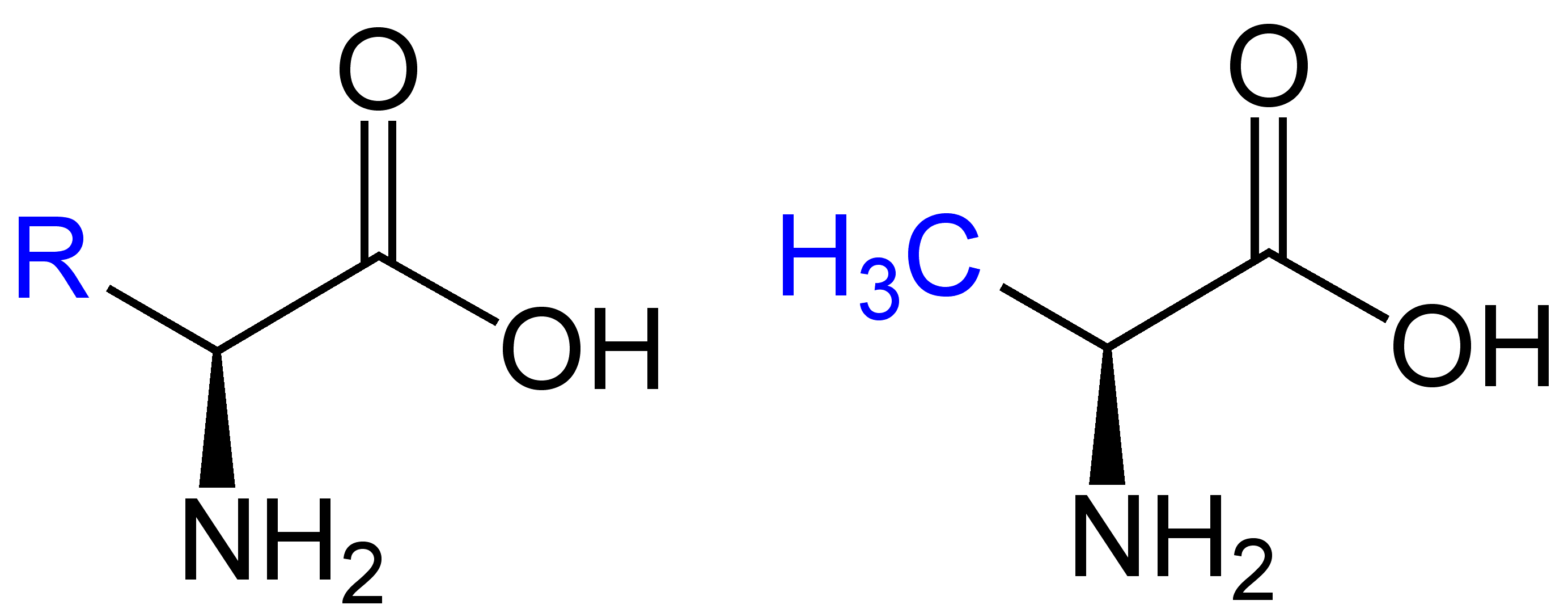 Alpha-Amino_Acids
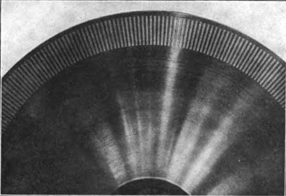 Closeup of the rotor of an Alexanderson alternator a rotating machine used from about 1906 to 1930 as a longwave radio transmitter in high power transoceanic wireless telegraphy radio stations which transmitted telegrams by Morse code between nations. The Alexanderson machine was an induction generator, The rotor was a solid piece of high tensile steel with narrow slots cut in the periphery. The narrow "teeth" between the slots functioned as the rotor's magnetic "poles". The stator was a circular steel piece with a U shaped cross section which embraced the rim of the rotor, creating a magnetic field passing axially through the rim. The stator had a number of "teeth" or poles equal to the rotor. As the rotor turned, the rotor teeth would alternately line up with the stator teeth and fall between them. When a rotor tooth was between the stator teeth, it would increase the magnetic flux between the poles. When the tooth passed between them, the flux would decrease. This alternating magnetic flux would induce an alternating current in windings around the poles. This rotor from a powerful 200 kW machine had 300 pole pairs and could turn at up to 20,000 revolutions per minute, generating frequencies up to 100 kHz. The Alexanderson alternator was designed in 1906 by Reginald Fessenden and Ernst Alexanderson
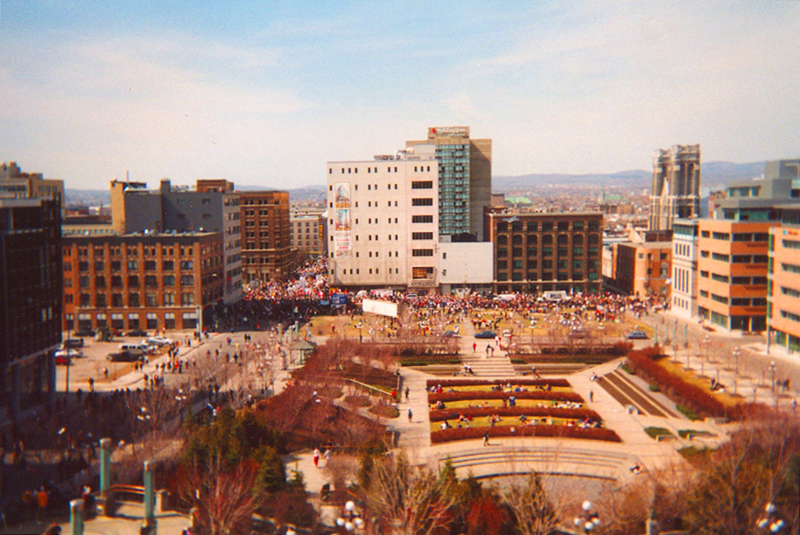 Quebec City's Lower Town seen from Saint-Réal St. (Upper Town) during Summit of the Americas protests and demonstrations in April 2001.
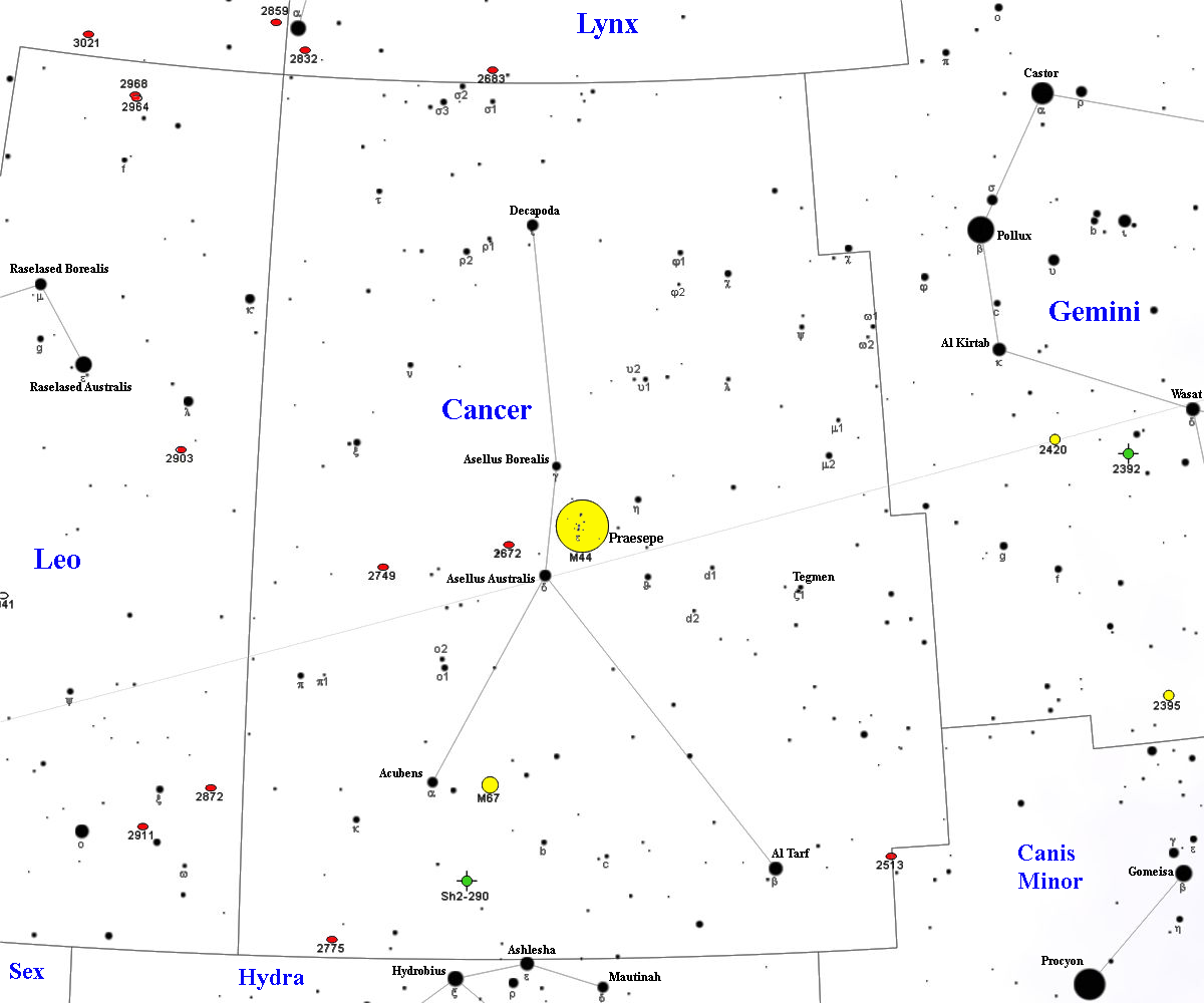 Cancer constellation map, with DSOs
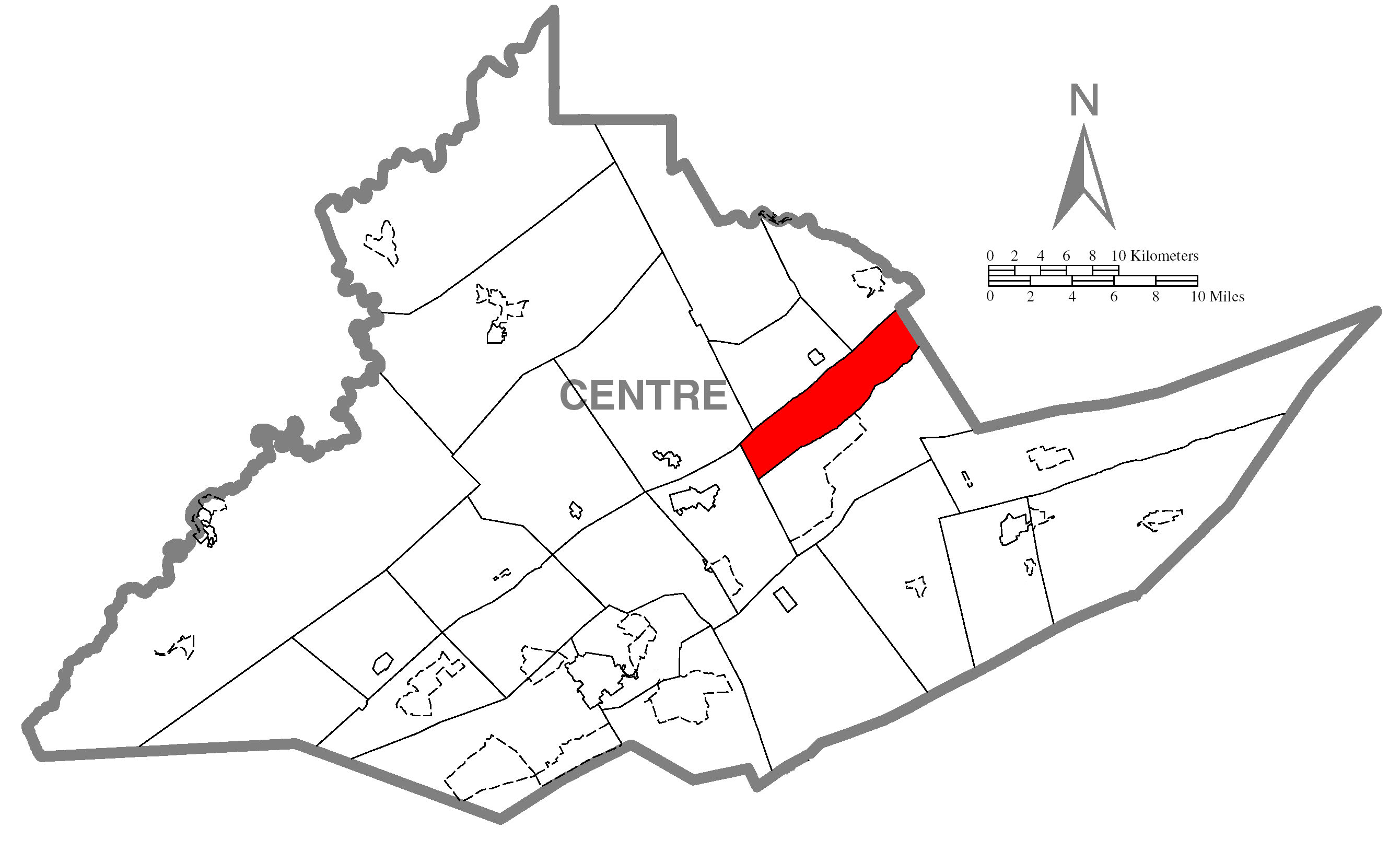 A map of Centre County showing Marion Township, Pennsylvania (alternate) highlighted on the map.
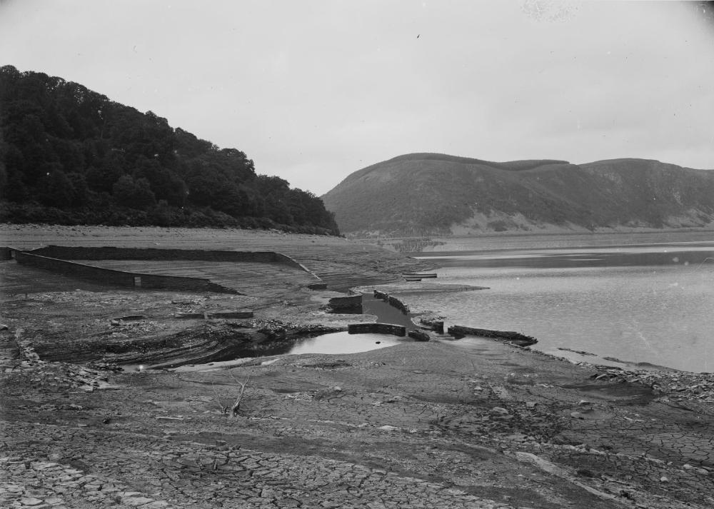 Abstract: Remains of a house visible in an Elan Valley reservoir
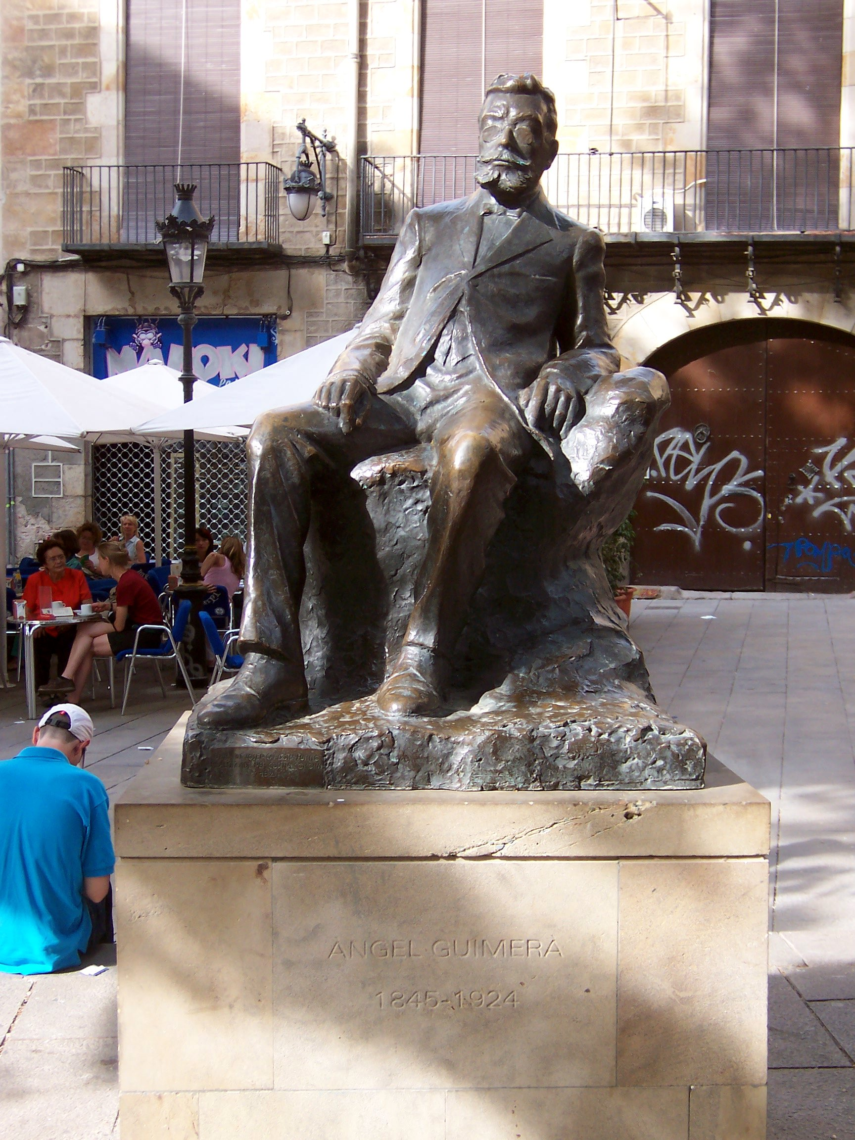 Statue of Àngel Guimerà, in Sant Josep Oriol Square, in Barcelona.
•••
How to complete this task: After locating the line with "A map of Centre", transcribe it and the rest of the data above exactly as written, without any picture.

Solution below:
 A map of Centre County showing Marion Township, Pennsylvania (alternate) highlighted on the map.
 Abstract: Remains of a house visible in an Elan Valley reservoir
 Statue of Àngel Guimerà, in Sant Josep Oriol Square, in Barcelona.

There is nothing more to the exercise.